Ciclostilato integralmente ripreso da un articolo del "Secolo XIX" del 12-5-72 di G. Crisalli.

L'automobile ha motore e freni. Se fosse solo motore lo sfascio sarebbe inevitabi­le: se fosse solo freni sarebbe oggetto da museo. Dall'equilibrio degli elementi nasce il servizio che essa ci offre.

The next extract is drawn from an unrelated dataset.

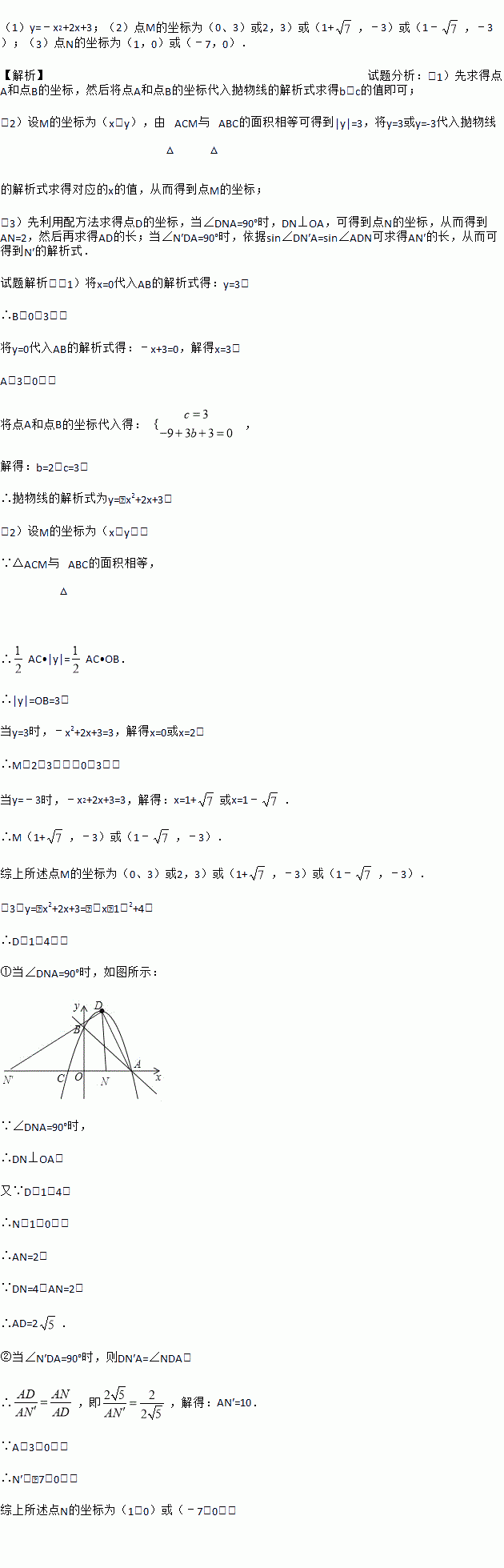 (3)在x轴上是否存在点N使△ADN为直角三角形?若存在,确定点N的坐标;若不存在,请说明理由.

Accade per il regno di Dio nella sua evoluzione terrena, quello che accade per un campo: se ci pensiamo, in un campo ci sono mille cose più una: buon terreno e pie­tre, letame ed erbacce, semi buoni e vermiciattoli, il tutto per un piano provvidenziale. Così nella Chiesa: c'è il bene e il male, il Vescovo autoritario ed il Curato progres­sista, il credente tradizionale ed il giovane che fa la sua esperienza religiosa negli "hippies".
Mille sfaccettature cioè di quella realtà meravigliosa che è la Chiesa, inserita nel­l'umanità come segno del regno che viene.
Quello che dovrebbe veramente essere bandita è l'intolleranza: nessun gruppo è depositario di tutta la verità così che gli altri siano tutti nell'errore: quello che do­vrebbe invece animare tutto e tutti è la speranza.
Notiamo invece che all'uomo della contestazione ecclesiale, sta per sostituirsi l'uomo o il giovane senza speranza. Forse perché il contestatore cercava una soluzione "migliore".
Sempre il giovane è un po' contestatore: è nel piano provvidenziale dell'umanità. Ma c'è il pericolo del "perfezionismo", il pericolo cioè di confondere il "migliore" con il "perfetto", e quando si vuole il superlativo il limite è rifiutato e si finisce per bloccare tutto.
Si è voluto fare piazza pulita del "limite" che nel concreto sociale-comunitario prende anche il nome di "struttura".
Che cosa ne è sorto? Un grande senso di frustrazione.
Là dove la struttura è stata veramente abbattuta ci si ritrova di fronte a gruppi che a mala pena possono ancora chiamarsi cristiani.
Eppure il cristianesimo continua ad offrire quella che a noi sembra la soluzione di fondo: la speranza, che nasce dall'accettazione del limite, la speranza di chi gioca la sua vita su Dio.
Il cristiano sa della presenza dello Spirito che assegna offici ed incarichi diversi ed apre sempre nuovi orizzonti.
Una contestazione negativa e polemica per criticare, è ancora un restare ripiegati sul passato o sull'oggi: non è guardare il futuro.
C'è spazio per lavorare e per fare del bene, per inventare sempre una nuova vita.
Una cosa molto bella hanno mostrato questi ultimi anni e proprio in seno alla con­testazione (che in questo manifesta il suo lato positivo di cui si deve tener conto): l'esperienza della Chiesa quale comunità vissuta e che trae vitalità dalla celebrazione Eucaristica, inoltre è stata particolarmente sentita la profonda interconnessione che esiste tra Chiesa e mondo, tra speranza cristiana e tensione umana.
Perché questi valori possano affermarsi non ci si può esaurire in una polemica amara con i Vescovi, col Papa, con i Parroci, con i Monsignori: si dedica tutto il tempo alla polemica teologico-intellettuale ed intanto si perdono di vista gli uomini, le loro speranze, la loro vita.
Pensiamo invece che ci si dovrebbe impegnare in un lavoro rigorosamente critico, ma serenamente ancorato ai dati istituzionali, per un cambiamento profondo di men­talità e di atteggiamenti che tenda, sia pure nella esperienza dell'imperfezione e della debolezza umana, ad adeguarsi sempre più alle esigenze evangeliche.